We attribute no significance to the fact that appellant's application was denied because he falsified his answers to questions concerning arrests rather than because of the arrests themselves. It is the use of the arrest information for a purpose unauthorized by law which renders the evidence incompetent. Whether it served as the direct basis of the denial or indirectly as proof of false answers warranting denial, consideration of the closed arrest records in connection with a watchman's license application violates the letter of the law and the policy underlying its enactment.

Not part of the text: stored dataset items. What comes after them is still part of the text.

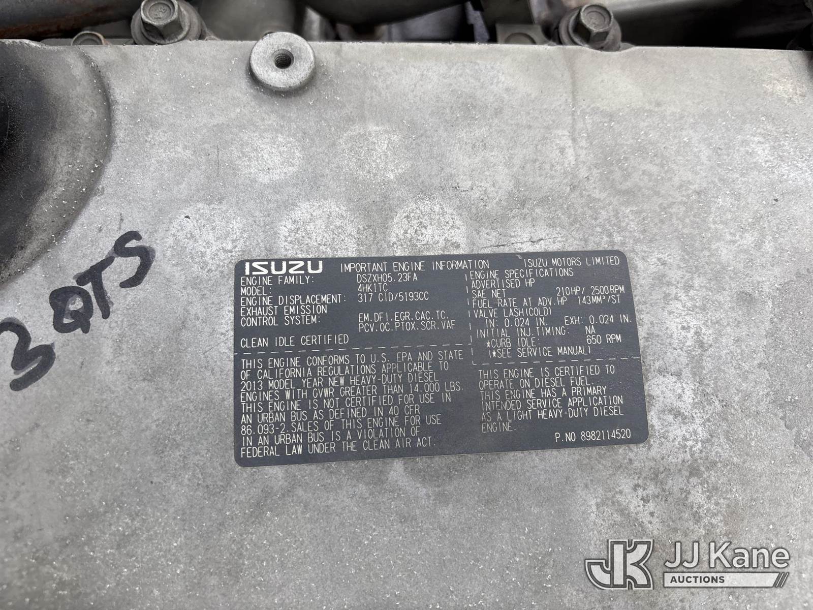 2014 Isuzu NQR Van Body Truck, s/n JALE5W164E7902712, 5.2L L6 4X2, DIESEL, Auto, A/C, with liftgate, (171,706 miles) (Runs, Moves & Operates) May be subject to ARB Regulations This is a Titled Item NOTE: This unit is being sold AS IS/WHERE IS via Timed Auction and is located in Dixon, CA. Inspection & preview days for this unit are the 2 business days prior to the first day of items closing for this auction, item is located at 8668 Sparling Ln Dixon, CA 95620 and hours of operations are 8a-4p. For pre-sale questions, please contact JJ Kane Staff at (707) 678-8060 (dixon@jjkane.com). Dealer License Number 45696. (Buyer is responsible for removal. Assistance by consignor or JJ Kane Auctions is not assured.)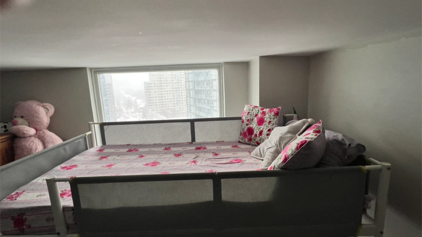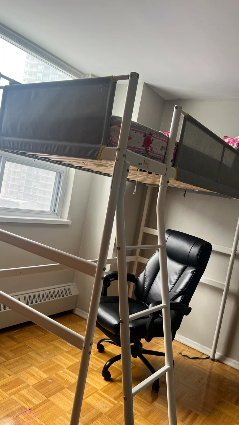 IKEA vitval Loft Bed Frame with Grey Fabric Sides with mattress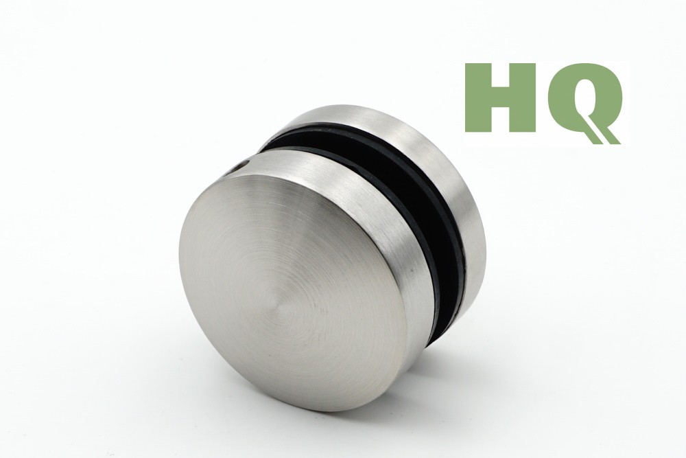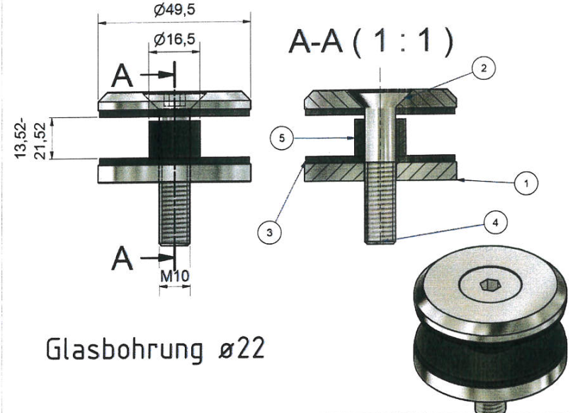 Edelstahl 1.4301 fein gedreht matt A2, Maße: Ø 49,5 mm, Unterteil mit Gewinde M10, Glasstärke 13,52-21,52 mm, Anschluss Flach |

Schmalz, 713 S.W.2d at 26 (emphasis added). We are not persuaded by the respondent's argument that the rationale offered for Chapter 610 in Schmalz "fails when the person designed to be protected by the arrest records statutes is deceased." We do not believe the legislature intended that a person's arrest records, once closed, should become automatically accessible to the general public upon that person's death.
Based on the analysis of legislative intent in Curtis and Schmalz, we hold that §§ 610.100- 610.120 prevents American Family from deposing the Henry County sheriff about information drawn from Bradley's closed arrest records. To permit the sheriff to testify from his memory of those records prior to their closure or to use the records to refresh his recollection would be to sanction the use of Bradley's closed arrest records for civil litigation, a purpose that is not authorized by § 610.120.1. To allow American Family to question the sheriff about information drawn from Bradley's closed records would thwart the very purpose of the Arrest Records law. Any evidence obtained from Bradley's closed records in contravention of the Arrest Records law would not be competent. Schmalz, 713 S.W.2d at 26.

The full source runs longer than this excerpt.